Bravura Recital [by Amanda Leo]
As a child, my parents very occasionally took me to the circus as a type of rare treat, which has resulted in much anticipation when going to watch any type of circus act in my adult life. My anticipation of a night full of magic wasn’t disappointed as I arrived at the foyer of the Hearld Theatre for the opening night of The Pianist, created and performed by Taranakian Thomas Monckton with the international contemporary Finnish circus group Circo Aereo. Greeted by Arjuna De Simas-Oakes’ beautiful jazz piano accompaniment, we are put right in the mood for an evening of fun and beautiful music.
We are greeted by a hanging chandelier and a beautiful grand piano, both which reek of possibilities for mishap. In The Pianist the humour arises from the disjunction between what the pianist is attempting to perform and what is actually being performed. Monckton has chosen an ingenious setting for such a parody of performance: a sort of classical piano recital with traditionally “highbrow” standards that the pianist attempts to follow. His failed attempts to constantly enforce and follow these traditions renders the humour very effective when he encounters common problems that performers face, such as a misplaced follows spot or a hidden gap in the curtains.
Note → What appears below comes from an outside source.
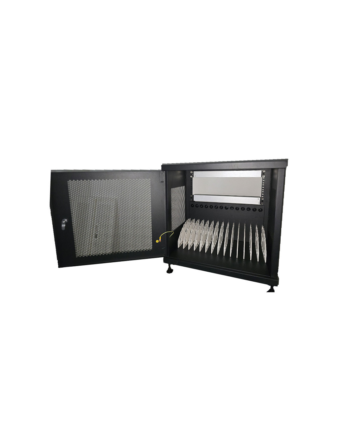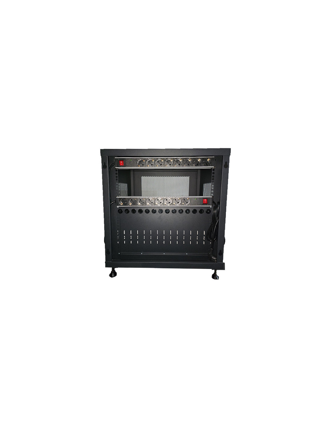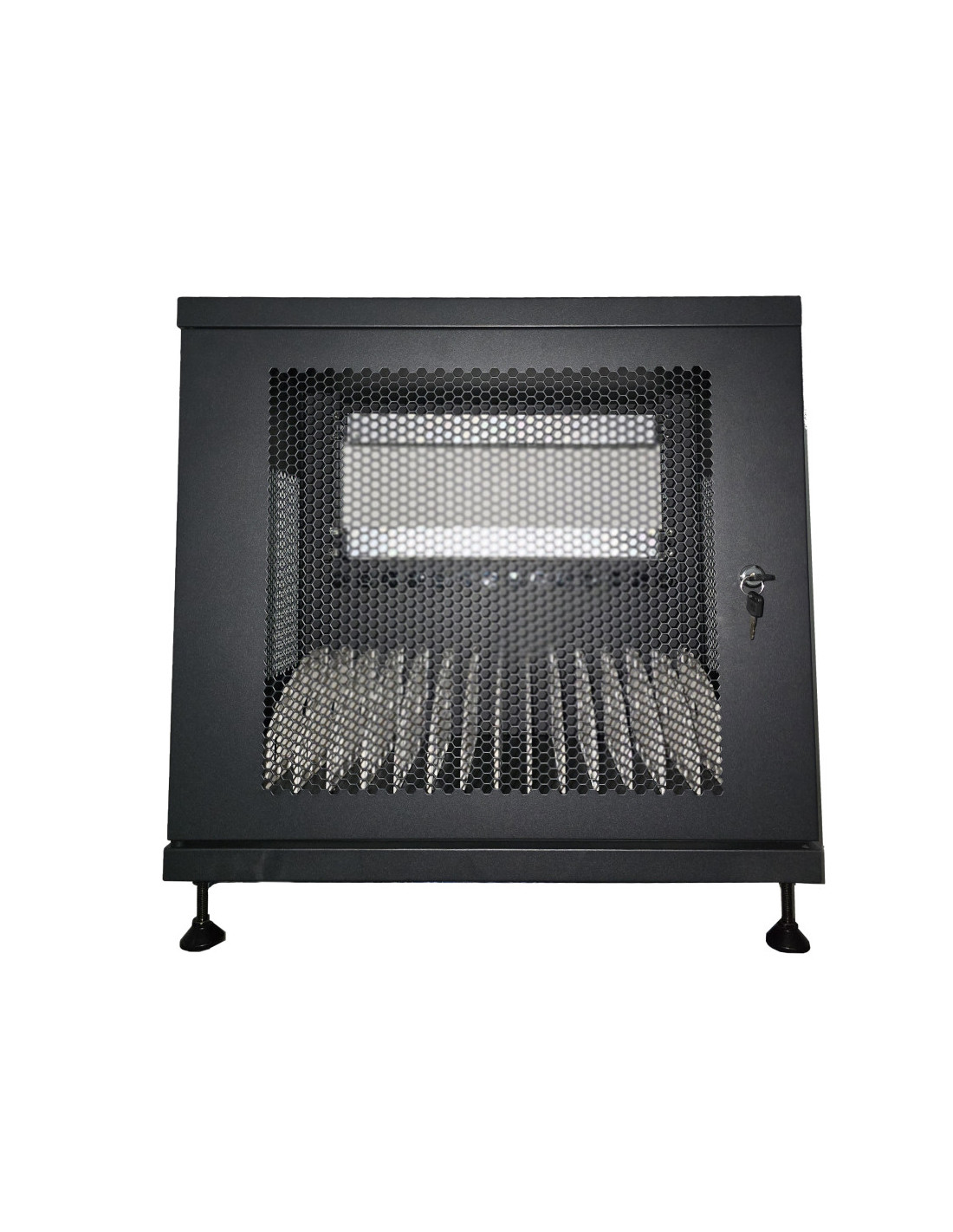 Para garantizar una ventilación óptima, la puerta frontal y el panel trasero están perforados. Además, la seguridad se mejora con una cerradura con llave. Los paneles laterales fijos cuentan con una sección perforada central para facilitar el intercambio de calor y los orificios para el paso de cables están equipados con pasacables de goma. En el interior, un estante con 14 divisores de metal y pasacables permite una gestión ordenada de los cables.

Monckton’s abilities as a physical circus performer and clown complement this piece beautifully while his childlike demeanour makes for a very endearing performance. This characterisation allows for the incorporation of pantomime, and we led, through the use of music and sound, into the pianist’s imagination, as he plays with inspiration through a childlike affectation of body puppetry.
The show is also cleverly incorporates the technical elements of theatre as a further source of humour. At one point, the pianist engages with a paper fight with the lighting operator for a misplaced spotlight, climbing over the steep seats of the Herald Theatre’s audience. Here lies the genius of Monckton and co-director Sanna Silvennoinen- the audience is smoothly and quite naturally incorporated into these exchanges, often getting involved in the throwing of a flurry of paper; an exchange which is fostered by the performer’s wonderful rapport with the audience.
The design of the piece is absolutely stunning, with Iain Cooper and Phil Halasz’s (de)construction of the central grand piano for it’s musical and structural function being quite remarkable. The light, sound, set and prop designs are impressively instrumental in our overall experience of the surreal world of the circus. Our last image of the pianist shroud in a blue light, with mist pouring out of the grand piano as Monckton plays a ghostly, ethreal tune, really rounds off the magical experience of entering a world of mishap and mystery.
The Pianist is presented by Auckland Live, Show Pony and Circo Aereo and plays at The Herald until 18 April. Details see Auckland Live.